The Barclays Cycle Hire Journey Times visualization took into account all trips between 6:00 a.m. and midnight Mondays through Fridays between July 30 and November 3, 2010, except for rides longer than one hour. The raw data came from TfL via London Datastore and includes the departure and arrival times at docking stations for each bike, said Cheshire, based in the Department of Geography and Centre for Advanced Spatial Analysis at University College London.
The R statistical programming language, maintained by the open source R Project for Statistical Computing, has a growing set of advanced spatial analysis and data manipulation functions. These can be integrated with the powerful analysis and visualization tools available in ArcGIS 10 via Python.
For this project, Cheshire used R for the initial data manipulation and cleaning. This required calculation of the average journey duration at hourly intervals across the time period. The result was 13 averages (one for each hour) for each of the 350 docking stations (shown as crosses in the visualization). The locations of the docking stations and their average journey durations at each time interval provided the input data to create a surface for each of the 13 averages. The data contained the duration of each bike's journey between its origin and destination docking stations. It was therefore straightforward to calculate the average journey time for every bike that left a docking station within each hour. In this example, R's inverse distance weighting (IDW) function was used, but the IDW tool in the ArcGIS Spatial Analyst toolbox would have produced a similar outcome. Each of the 13 surfaces was saved as ASCII grids and easily visualized in ArcGIS 10. This enabled the addition of OpenStreetMap cartography from ArcGIS Online as a basemap for the surfaces as well as the usual map annotations. The final maps were exported as high-resolution images to be used in the animation.
The red color in the video indicates journeys averaging 25 to 30 minutes, while the bright yellow color shows trips averaging less than 10 minutes, Cheshire said in a recent telephone interview from London. In the early mornings, red dominates neighborhoods to the west of central London, such as Notting Hill, St. John's Wood, and Hyde Park, as commuters begin to make their way to work or school in central London. At the same time, shorter trips are more prevalent in the central part of the city, including Covent Garden, the area around City University, and Fleet Street. But in the evening, as people leave work and school, central London's West End goes from yellow to dark red. By 11:00 p.m., the spatial analysis shows the red pattern becoming more pronounced.
"That is Covent Garden and Soho, which are entertainment hot spots," said Cheshire, who theorizes that pub hopping plays a role in tacking time onto the nighttime journeys. "Perhaps people have had a couple beers and are taking longer to get home," he said. Read more about his analysis at Spatial Analysis, Cheshire's research blog.
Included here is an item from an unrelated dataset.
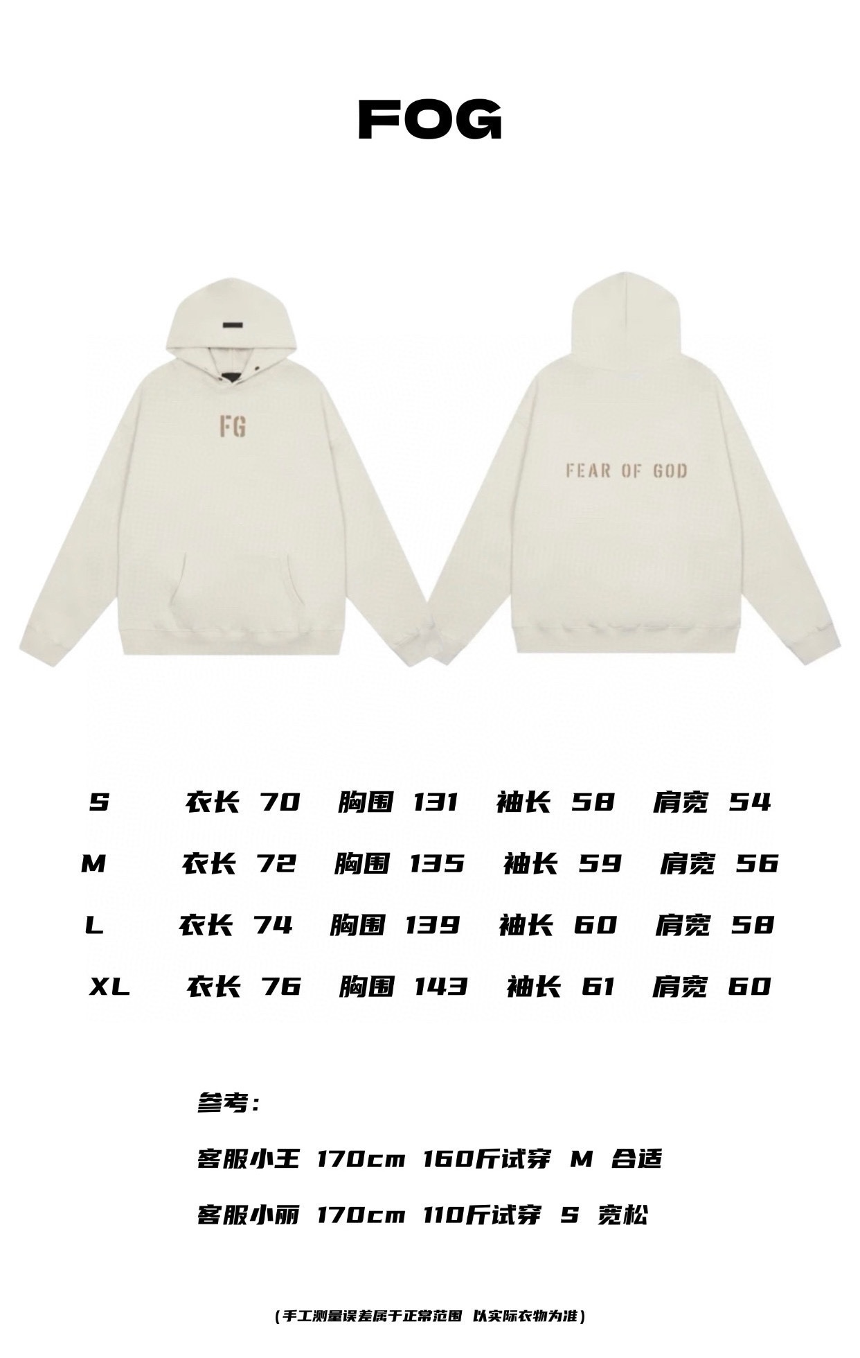 这款衣服是AAAAA 1:1 质量 (非常棒). 使用了和原版一模一样的材料. 商标部分也保持了和ESSENTIALS一样. 图片拍摄是实物衣服拍摄, 您所收到的实物保证和我们图片一模一样.

Cheshire said that some of the shorter morning trips in central London are being made by people who commute to London by train and then rent a bike to get to work or school. He explained how his brother, who lives outside the city with his parents but attends school in London does just that. Rather than walking to the university from the train station, Cheshire's brother hops on a Barclays Cycle Hire bike for a 10-minute ride to classes. "Cycling is by far the quickest way to travel in London," said Cheshire, a proponent of the Barclays Cycle Hire program. "London is congested, so the more [the city] can get people to bicycle, the better."
Cheshire was named Outstanding Student of the Year at the UCL Department of Geography Esri Development Centre. He received the honor from Esri president Jack Dangermond at a ceremony last spring.